Pediatric Asthma Management: A Comprehensive Guide for Parents and Caregivers

2024-03-26 16:23:14

In preschool children, it is essentially based on the frequency of interictal symptoms and the assessment of risk factors for exacerbation (at least one severe crisis in the previous year, environmental smoking, pollution, allergen exposure, poor compliance) .

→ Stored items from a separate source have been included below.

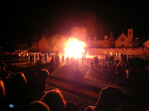 It took just a few minutes for over 800 torches to fly through the air and starting burning the galley. A barrage of fireworks went off overhead, and the spectacle had reached its climax. The ship caught fast, the flag started to singe, and the mast toppled, but it took longer for the prow to catch alight. We left it blazing and headed for the TA hall.
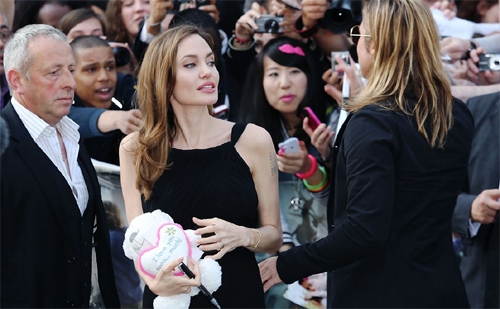 Ange tươi cười trước ống kính phóng viên, ký tặng người hâm mộ và luôn dành cho Brad những ánh mắt trìu mến. Nữ diễn viên vẫn vô cùng gợi cảm và quyến rũ trong bộ đầm đen dài chấm đất hiệu Saint Laurent. Cô trang điểm nhẹ nhàng và để tóc xõa tự nhiên.
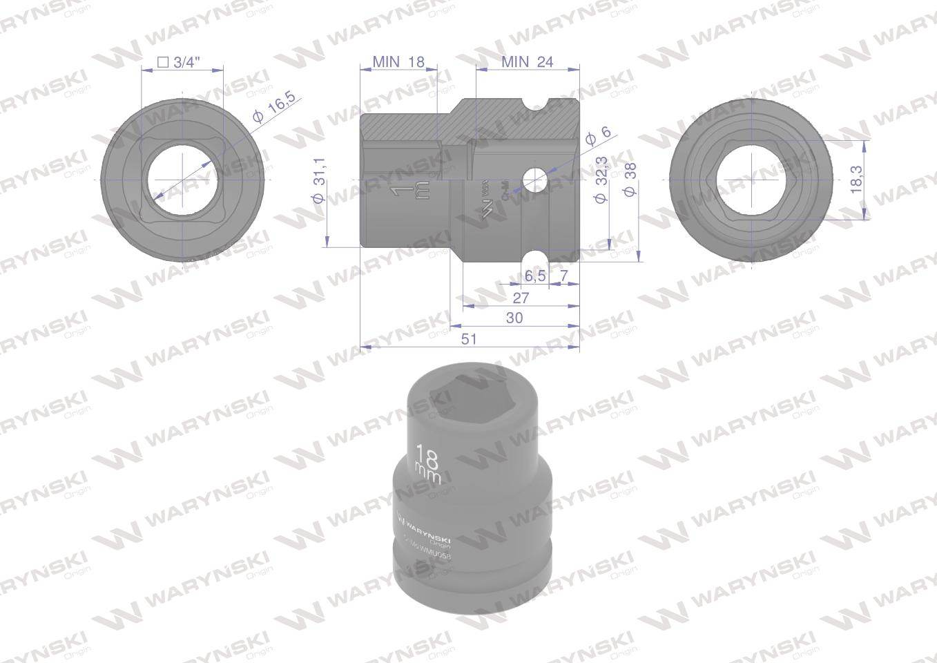 Nasadka udarowa sześciokątna 3/4″ 18mm crmo din 3129 waryński
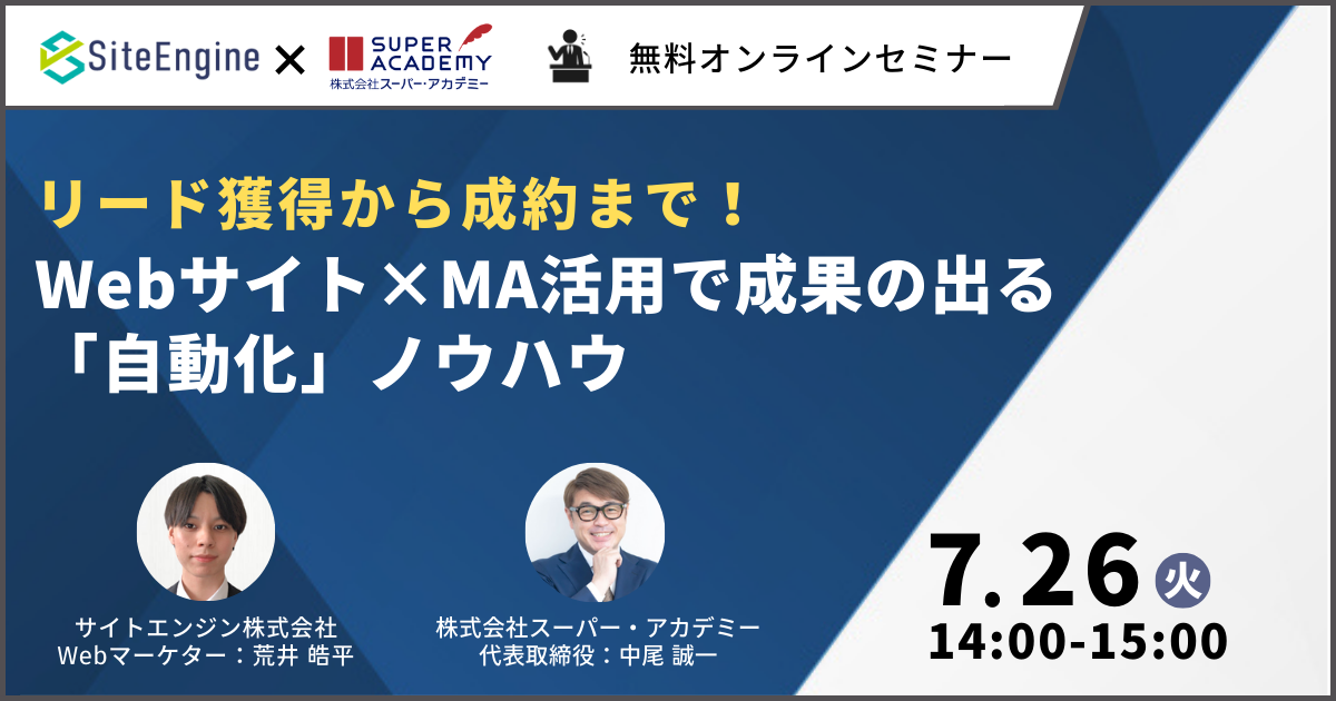 サイトエンジン株式会社 7月26日に株式会社スーパー・アカデミーとの共催オンラインセミナー ” リード獲得から成約まで!Webサイト×MA活用で成果の出る「自動化」ノウハウ”を開催
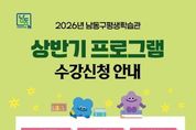 코리아타임뉴스 이아름 기자 | 인천시 남동구 평생학습관은 구민의 자기 계발과 지적 성장을 위해 오는 24일부터 ‘2026년 상반기 평생학습 프로그램’ 학습자를 모집한다고 20일 전했다. 상반기 프로그램은 3~5월까지 운영되며, 일상의 활력을 더하고 실질적인 역량을 강화할 수 있는 실용적인 강좌들로 꾸려졌다. 특히, ‘2025년 평생교육 강사학교’ 과정을 이수한 강사들이 지역사회와 시민의 삶을 주제로 직접 기획⋅개발한 강좌들이 다수 개설됐다. 주요 강좌로는 ▲남동구의 색(色)다른 이야기 ▲나의 감정을 안아주는 예술이야기 ▲생성형 AI로 만드는 나의 영상 콘텐츠 ▲그림책과 공예 테라피로 나를 찾는 ‘다시, 봄’ 등 모두 4개 과정이 운영된다. 이와 함께 전 연령층의 학습 수요를 반영한 다양한 강좌도 운영된다. ▲시니어(65+) 스마트폰 입문 클래스 ▲바리스타 2급 자격과정 ▲오뒷세우스 깊게 읽기 ▲장애인과 비장애인이 함께하는 생태탐방 등 실용성과 인문적 소양을 아우르는 프로그램이 준비돼 있다. 수강 신청은 남동구평생학습관 홈페이지에서 선착순으로 진행되며, 남동구민 또는 남동구

The decision-making algorithm (fig. 2) distinguishes 4 levels:

  • level 1: infrequent virus-induced wheezing AND few interictal symptoms: no background treatment ;
  • level 2: insufficiently controlled signs or more than one exacerbation in the year requiring corticosteroids: CI at low daily dose for at least 3 months;
  • level 3: situation out of control despite low-dose ICs: doubling of the dosage (up to the average dose) or addition of montelukast;
  • level 4: specialist opinion.

The response to treatment should be regularly assessed: every 3 to 6 months.

After stabilization, we try to reduce the corticosteroid dosage gradually until the minimum effective threshold. For most young children, it is possible to interrupt it during the summer period.

The management of exacerbations must be anticipated, with a written action plan explained to parents: it encourages them to call the doctor (or the healthcare system) in the absence of response to a beta 2 -mimetic following 1 hour or when the seizure is unusual.